- [TASK INSTRUCTIONS] For this exercise, write out only the lines of the entries below from the one with "In der Nacht" up to and including the one with "Design: A chic", exactly as they are. Pictures stay out.

- [GIVEN DATA]
►
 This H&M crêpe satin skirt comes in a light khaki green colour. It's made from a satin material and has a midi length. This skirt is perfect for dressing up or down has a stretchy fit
◄
►
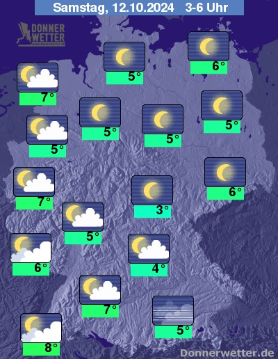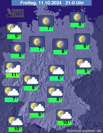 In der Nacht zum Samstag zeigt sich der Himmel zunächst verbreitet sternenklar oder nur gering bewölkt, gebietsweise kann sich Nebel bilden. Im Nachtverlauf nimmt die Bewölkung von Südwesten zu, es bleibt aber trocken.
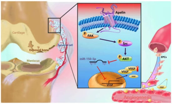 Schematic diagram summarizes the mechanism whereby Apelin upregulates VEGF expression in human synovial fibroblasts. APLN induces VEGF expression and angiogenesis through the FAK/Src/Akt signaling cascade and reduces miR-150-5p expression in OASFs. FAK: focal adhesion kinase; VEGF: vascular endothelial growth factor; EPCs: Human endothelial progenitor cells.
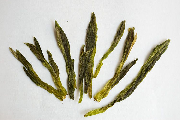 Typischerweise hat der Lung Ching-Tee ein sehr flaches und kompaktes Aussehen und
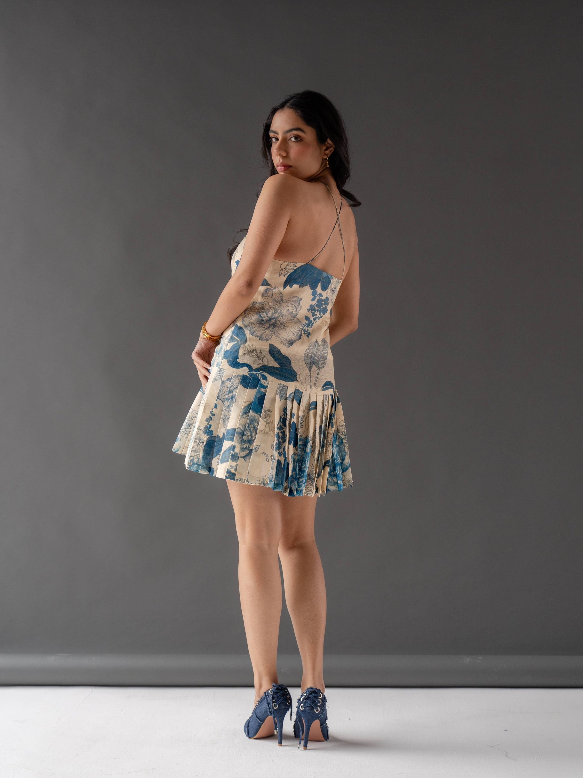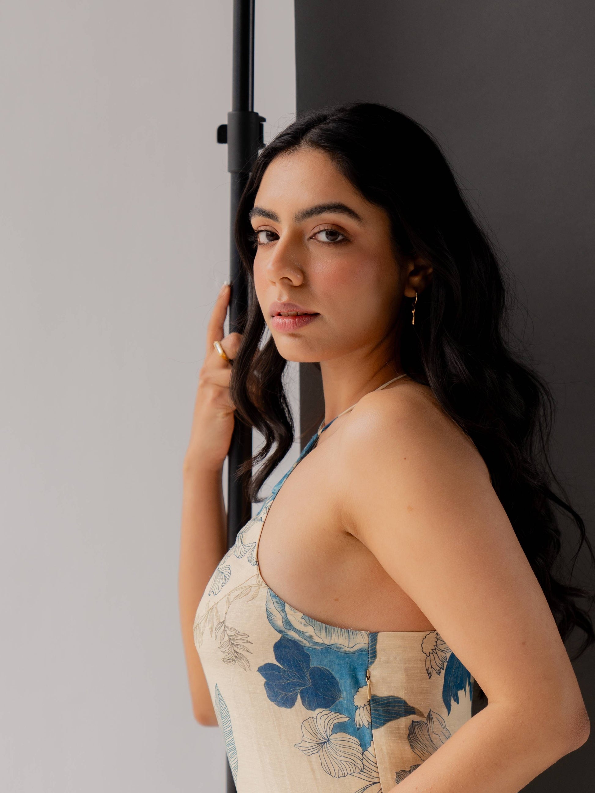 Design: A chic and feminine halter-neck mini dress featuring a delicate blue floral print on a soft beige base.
◄
- [YOUR SOLUTION]
 In der Nacht zum Samstag zeigt sich der Himmel zunächst verbreitet sternenklar oder nur gering bewölkt, gebietsweise kann sich Nebel bilden. Im Nachtverlauf nimmt die Bewölkung von Südwesten zu, es bleibt aber trocken.
 Schematic diagram summarizes the mechanism whereby Apelin upregulates VEGF expression in human synovial fibroblasts. APLN induces VEGF expression and angiogenesis through the FAK/Src/Akt signaling cascade and reduces miR-150-5p expression in OASFs. FAK: focal adhesion kinase; VEGF: vascular endothelial growth factor; EPCs: Human endothelial progenitor cells.
 Typischerweise hat der Lung Ching-Tee ein sehr flaches und kompaktes Aussehen und
 Design: A chic and feminine halter-neck mini dress featuring a delicate blue floral print on a soft beige base.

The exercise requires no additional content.